It started early Monday morning. 530 am, not even a mile in to my run I felt suffocated by my own lungs. What should have been a very successful 5 mile run turned out to be a taxing 4 miles while I struggled to breathe. It made absolutely no sense to me. Since I quit smoking 5 months ago my lungs have slowly but steadily improved making my runs that inch more enjoyable. When I reached my apartment I stretched and found a comfortable breathe again praying my struggle hasn’t been the beginning of an anxiety filled week.

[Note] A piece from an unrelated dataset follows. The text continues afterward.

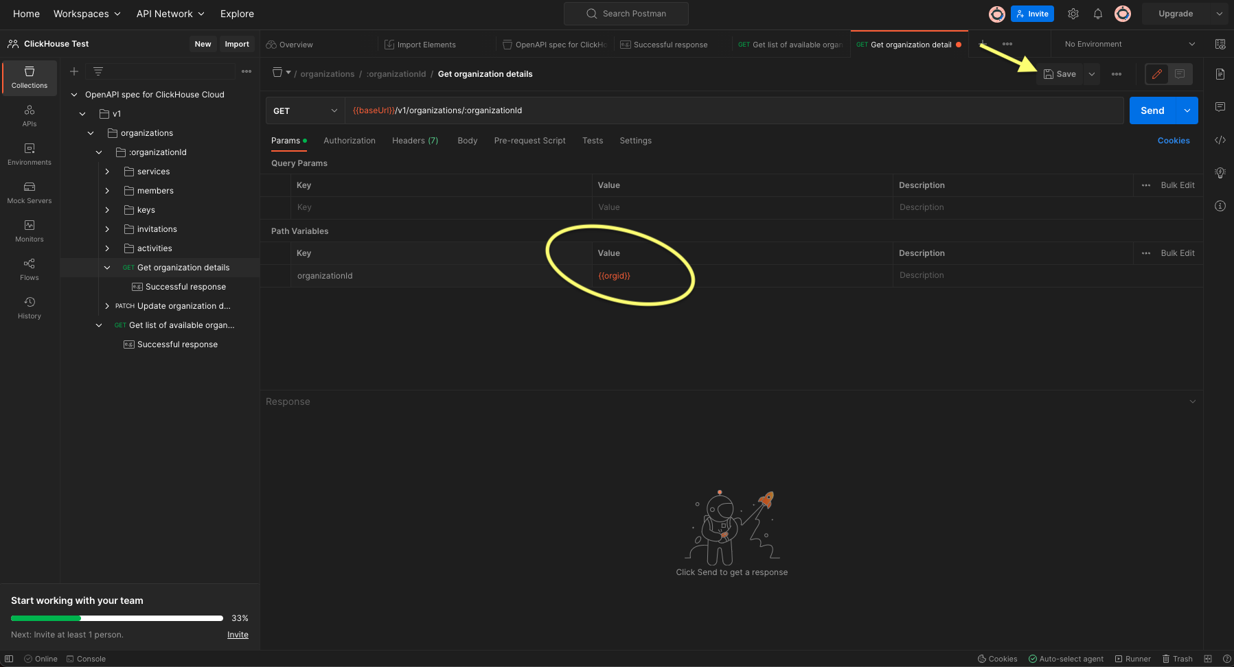 organizationidперейдите к "GET детали организации": - В меню среднего фрейма в разделе Params требуется

Ever since I can remember I’ve struggled with anxiety issues. Over the past 6 years I’ve learned to take care of myself and monitor my symptoms and behaviors to ward off panic attacks but sometimes, like this week, they feel unstoppable. I have very little reason to be anxious. In fact, I’ve had an extremely productive and inspiring week. But that’s quite possibly the worst part of my anxiety, it’s ability to undermine any relevant happiness or joy I’m experiencing.
As the week progressed my runs got worse and by last night I struggled to breathe even while sitting still. Simple tasks like getting my purse out of the car made me anxious. As I fumbled with the strap caught on the seatbelt my heart rate quickens and I lose all ability to breathe normally. In fact I’ve taken very few full breathes since this morning. Trying everything from increased exercise to edition to simple breathing exercises, I’m now at a loss. Feeling borderline panic attack for absolutely no reason. Terrifying. It’s been about a year since this last happened and most days I thank heaven it doesn’t happen more often but I don’t know what to do. So I thought perhaps writing might help. Seeing as I’ve entirely neglected this blog for the past month, this might be a win/win??? I promise to write more positive things this weekend…. For now I’m going to go back to breathing….. Or maybe make some paleo berry pie!?!?!